I'd describe my skill-set with Linux as somewhere between advanced and expert. 
I'm still learning every day, but that's the great part about open source 
software. I've been using Linux for over 10 years, and as my only OS for 6. I 
am also very familiar with BSD/Solaris, although not quite as familiar as I am 
with Linux. At my OEM, we mainly focus on RHEL/CentOS/Fedora systems as server 
solutions, but also configure Desktop systems as well as other distributions. I 
am most confident in my abilities with RHEL-based systems, though can work my 
way around any other distribution with ease.
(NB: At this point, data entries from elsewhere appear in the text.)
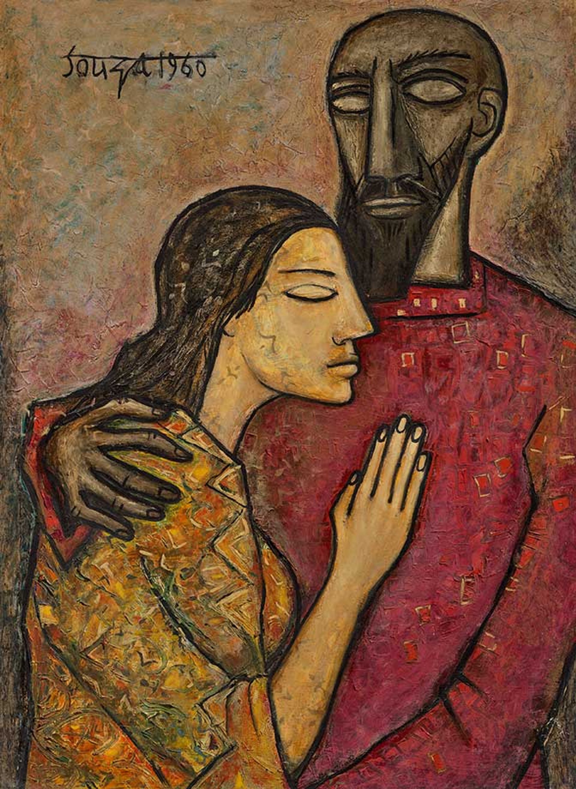Christie’s catalogue entry for this painting of two lovers by Francis Newton Souza is the first time it has been reproduced in colour. It was previously printed in black and white for the artist’s 1962 monograph, authored by Edwin Mullins. Later, it was included in a book by the famed Indian art historian Geeta Kapur, Contemporary Indian Artists (1978). The work was sold in the early 1960s by Gallery One—a pioneering London commercial gallery that ran between 1953 and 1963 and which introduced many Indian Modernists to the Western market. It was bought by the late Robin Howard, a British patron of Modern dance, whose descendants have consigned it to this sale. This year is the centenary of Souza’s birth. To mark the occasion, around one third of the lots in Christie’s South Asian Modern and contemporary evening sale are by the artist.
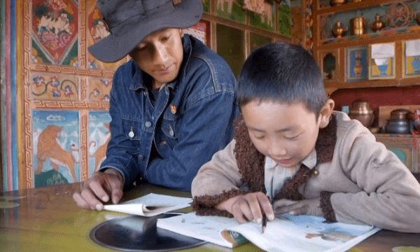 感受过大山外的世界的格勒刀吉(左一),回到家乡后希望草原的孩子们也能接受文化的熏陶
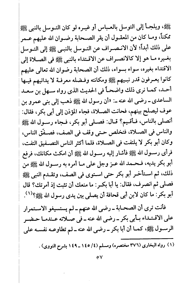 صلى الله عليه وسلم, ويلجأ إلى التوسل بالعباس أو غيره لو كان التوسل بالنبي صلى الله عليه وسلم ممكناً، وما كان من المعقول ان يقر الصحابة رضوان الله عليهم عمر على ذلك أبداً، لأن الإنصراف عن التوسل بالنبي صلى الله عليه وسلم إلى التوسل بغيره ما هو إلا كالإنصراف عن الإقتداء بالنبي صلى الله عليه وسلم في الصلاة إلى الإقتداء بغيره، سواء بسواء، ذلك أن الصحابة رضوان الله تعالى عليهم كانوا يعرفون قدر نبيهم صلى الله عليه وسلم ومكانته وفضله معرفة لا يدانيهم فيها أحد، كما نرى ذلك واضحاً في الحديث الذي رواه سهل بن سعد الساعدي رضي الله عنه: أن رسول الله صلى الله عليه وسلم ذهب إلى بني عمرو بن عوف ليصلح بينهم، فحانت الصلاة، فجاء المؤذن إلى أبي بكر، فقال: أتصلي بالناس، فأقيم؟ قال: فصلى أبو بكر، فجاء رسول الله صلى الله عليه وسلم والناس في الصلاة، فتخلص حتى وقف في الصف، فصفق الناس، وكان أبو بكر لا يلتفت في الصلاة، فلما أكثر الناس التصفيق التفت، فرأى رسول الله صلى الله عليه وسلم، فأشار إليه رسول الله صلى الله عليه وسلم أن أمكث مكانك، فرفع أبو بكر يديه، فحمد الله عز وجل على ما أمره به رسول الله صلى الله عليه وسلم من ذلك، ثم استأخر أبو بكر حتى استوى في الصف، وتقدم النبي صلى الله عليه وسلم فصلى ثم انصرف، فقال: "يا أبا بكر: ما منعك أن تثبت إذ أمرتك؟ " قال أبو بكر: ما كان لابن أبي قحافة أن يصلي بين يدي رسول الله صلى الله عليه وسلم؟ 1.
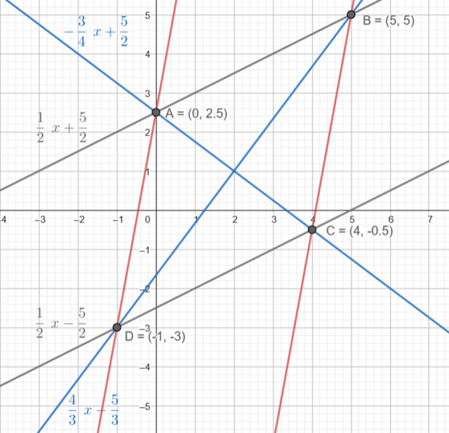 Naszkicuj wykresy wszystkich wyznaczonych funkcji i zaznacz brakujące boki powstałego rombu.
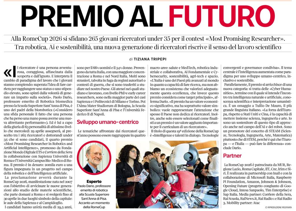 Selezionati tra 265 candidati provenienti da tutta Italia, i 13 finalisti del premio Most Promising Researcher in Robotics and Artificial Intelligence, rappresentano la punta di diamante di una nuova generazione di scienziati. Sottoposti al vaglio di una giuria di 63 esperti presieduta dal professore Paolo Dario, questi giovani talenti competono per un premio di 20.000 euro che riconosce rigore scientifico, innovazione e impatto sociale [vedi la notizia Research Award, al lavoro una giuria ampia e qualificata].
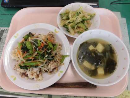 今日の給食は、ビビンバ・わかめスープ・野菜の中華風味です。
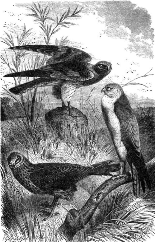Полевой лунь (самка; слева внизу), луговой лунь (вверху), степной лунь (справа внизу)
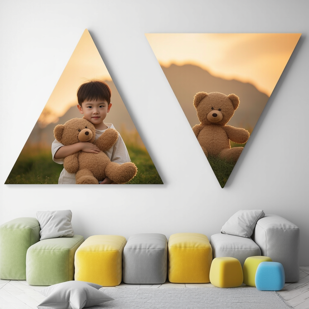 Tedd különlegessé otthonod falát egy páros, egymásra fordított háromszög vászonképpel! Ez a geometrikus elrendezés játékos és modern megjelenést biztosít, miközben kedvenc fotóidat művészien emeli ki. Legyen szó családi pillanatokról, kismama portréról vagy akár egyedi grafikai alkotásról, a háromszög vászonképek minden enteriőrben feltűnő és stílusos dekorációt alkotnak.
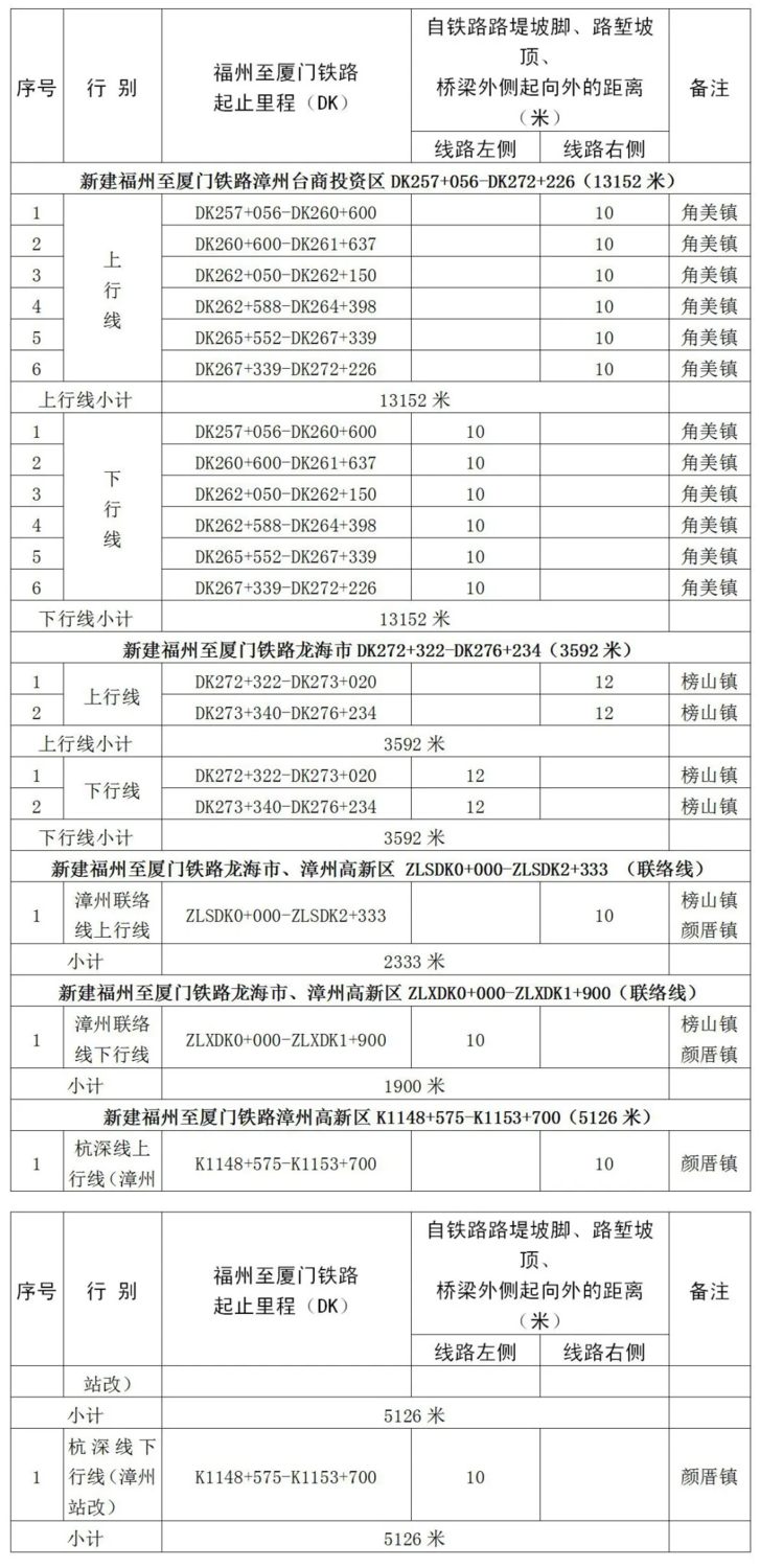 发表时间:2020-12-18 15:21来源:漳州政府网 【编者注:为了向网友提供更多更丰富的资讯,本网将转载、转发部分回顾性资讯,相关资讯的发布时间、所述事件时间,请网友留意。注:本文发布于2020年7月。】 近日,漳州市政府发布了 漳州市人民政府关于 新建福州至厦门铁路(漳州段)线路 安全保护区划定的通告 涉及哪些地方? 一起来看看! 漳州市人民政府关于 新建福州至厦门铁路(漳州段)线路 安全保护区划定的通告 漳政综〔2020〕32号 根据《铁路安全管理条例》(国务院令第639号)第二十七条规定,划定我市辖区内新建福州至厦门铁路(漳州段)线路安全保护区。现通告如下: 一、新建福州至厦门铁路(漳州段)线路安全保护区划定(详见下表): 新建福州至厦门铁路(漳州段)线路 安全保护区划定情况表
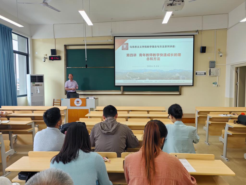 邱院长以“青年教师教学快速成长的理念和方法”为题,从“多听课、勤读书、受指导、写思路、练提升”等五个方面进行深入讲解,强调青年教师应当虚心请教,积极主动地向他人学习;还应阅读大量文献资料以及马克思主义原著等相关书籍,不断丰富教学内容,突破教学重点难点,将个人对教学的认识和理解提升到更高层次。
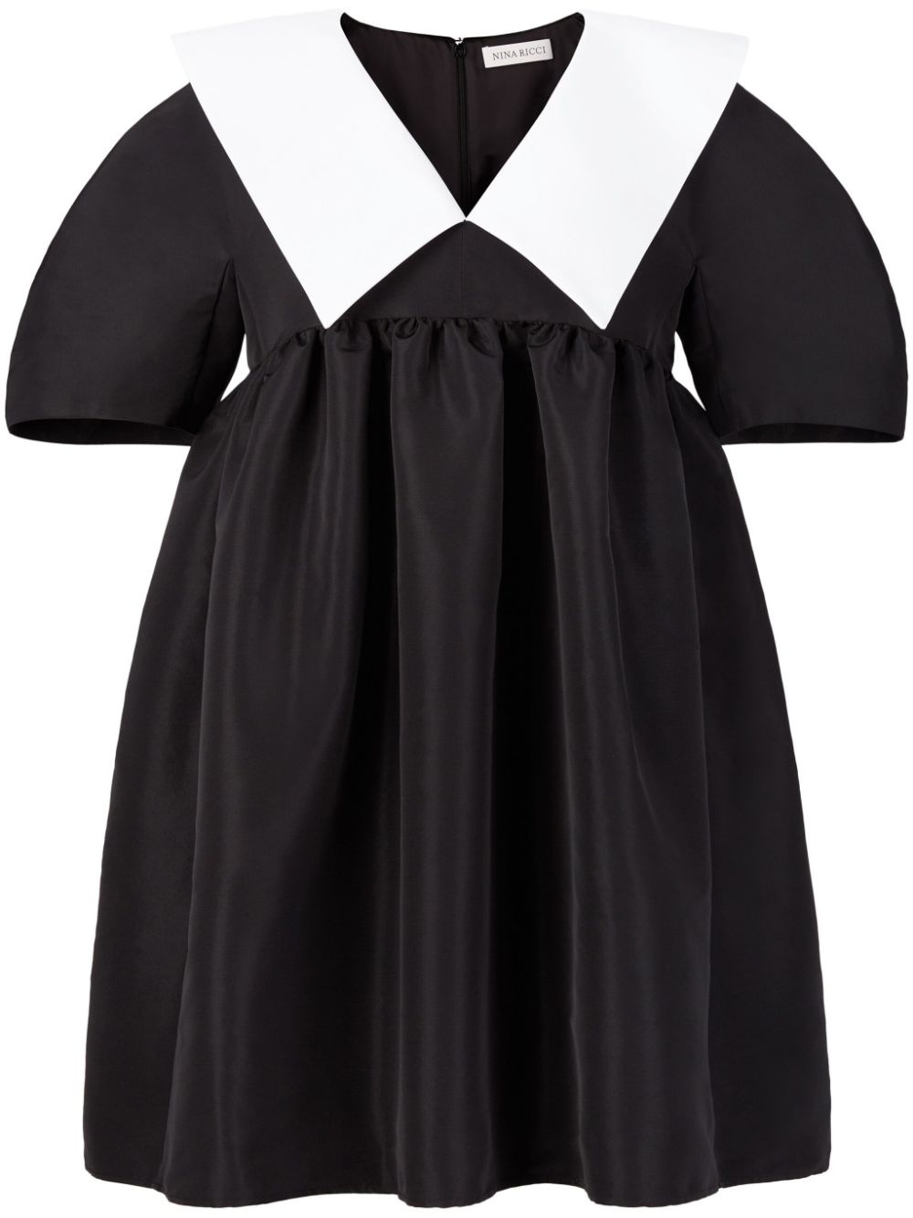 contrasting-collar taffeta babydoll dress Highlights - Black/white - Taffeta - Empire line - Oversized pointed collar - V-neck - Concealed rear zip fastening - Thigh-length - Straight hem Imported Composition Base: Polyester 100% Lining: Viscose 100% SIZE & FIT Measurement HIPS 45.66 in(116 cm) LENGTH 34.64 in(88 cm) WAIST 34.64 in(88 cm)
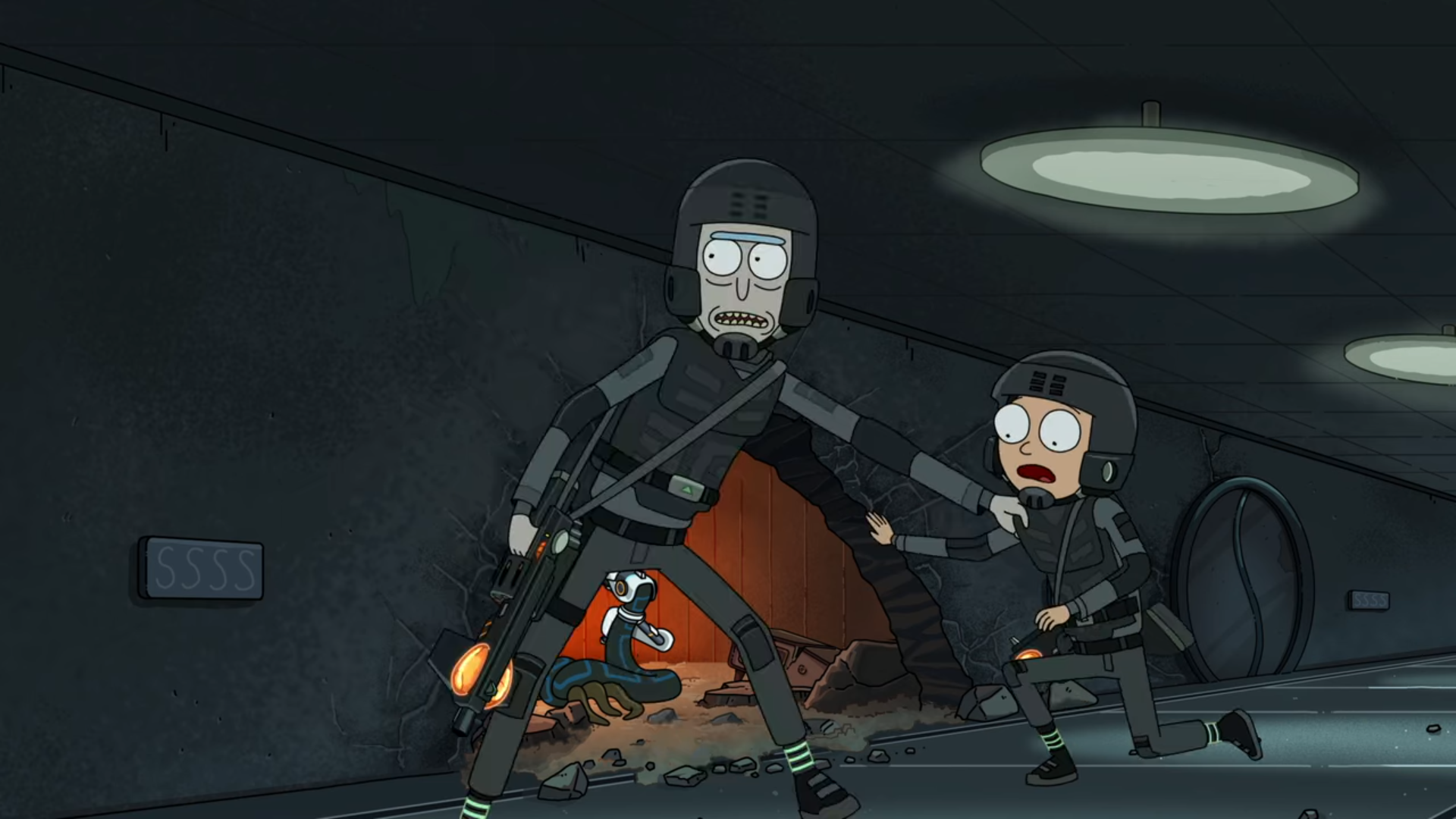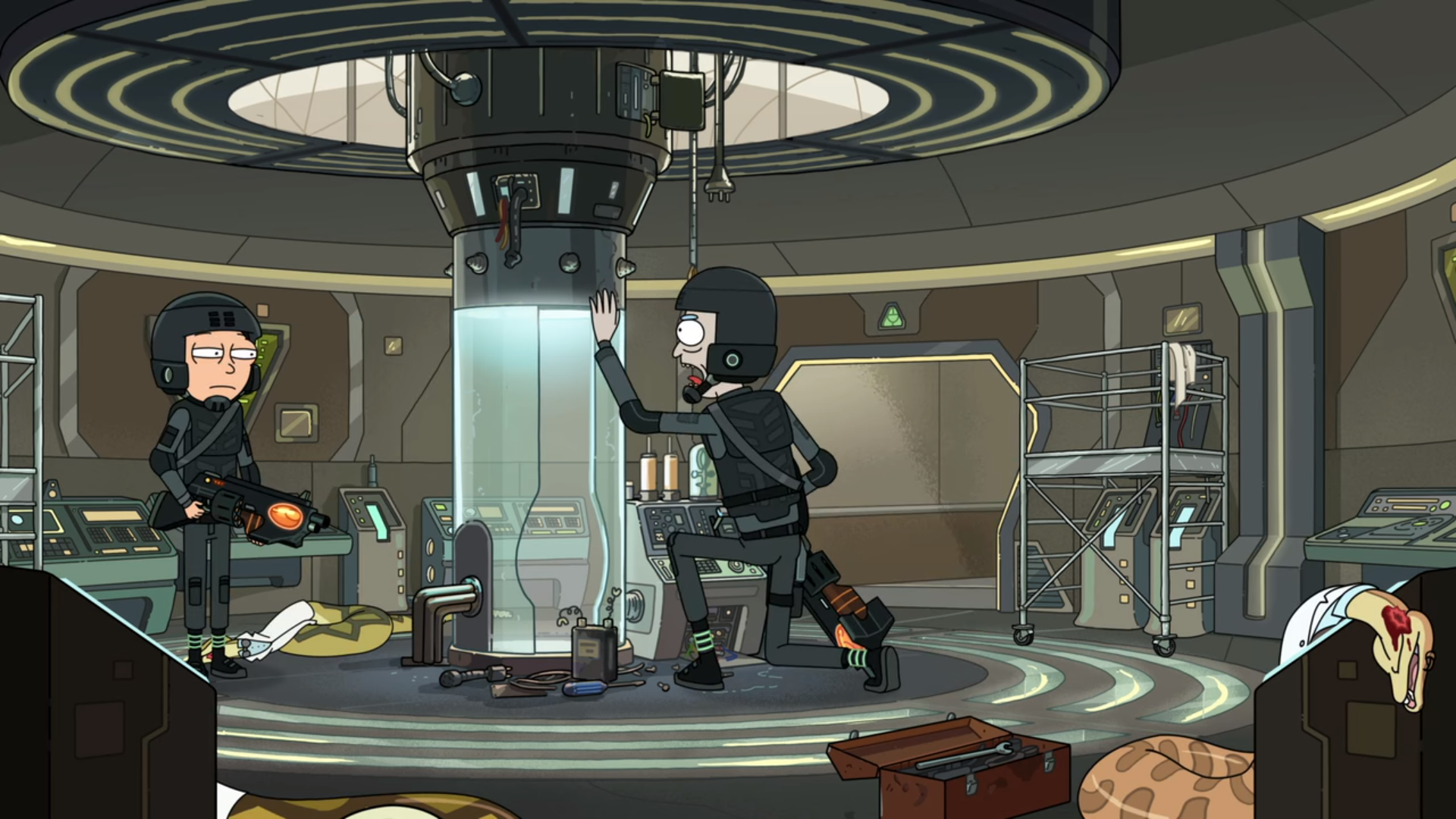 Rick과 Morty는 타임머신이 있는 곳까지 들어가지만 아직 타임머신이 만들어지지 않은 것을 보고 Rick이 황당해합니다. 잠시 생각을 해야겠다고 하는 Rick의 뒤로 다른 Rick과 Morty가 뱀 옷과 타임머신을 만드는 책, 타임머신을 들고 나타납니다. 그리고는 알아서 하라고 하고는 욕을 한바탕 하고는 떠나죠.
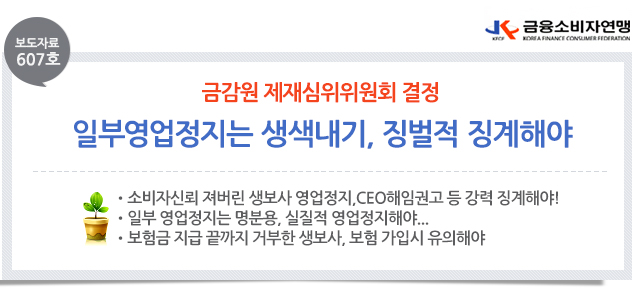 | 제목 | [보도자료 607호] 자살보험금 속인 생보사 중징계해야! | ||||

I have not yet publically released any projects, but have developed many 
open-source projects for internal use within my OEM. These projects include 
quality control systems (a live-usb based off Fedora with a set of scripts 
written in python/perl that stress a system and then generate a report based 
off their results), post-installation script suites, command-line tools to 
modify our internal system scheduler and support ticketing systems, etc.

I completed most of my bachelor's degree in CS before financial reasons pulled 
me to work full time, but feel like I've learned exponentially more in the 3 
years I've worked here than in the 3 I went to school.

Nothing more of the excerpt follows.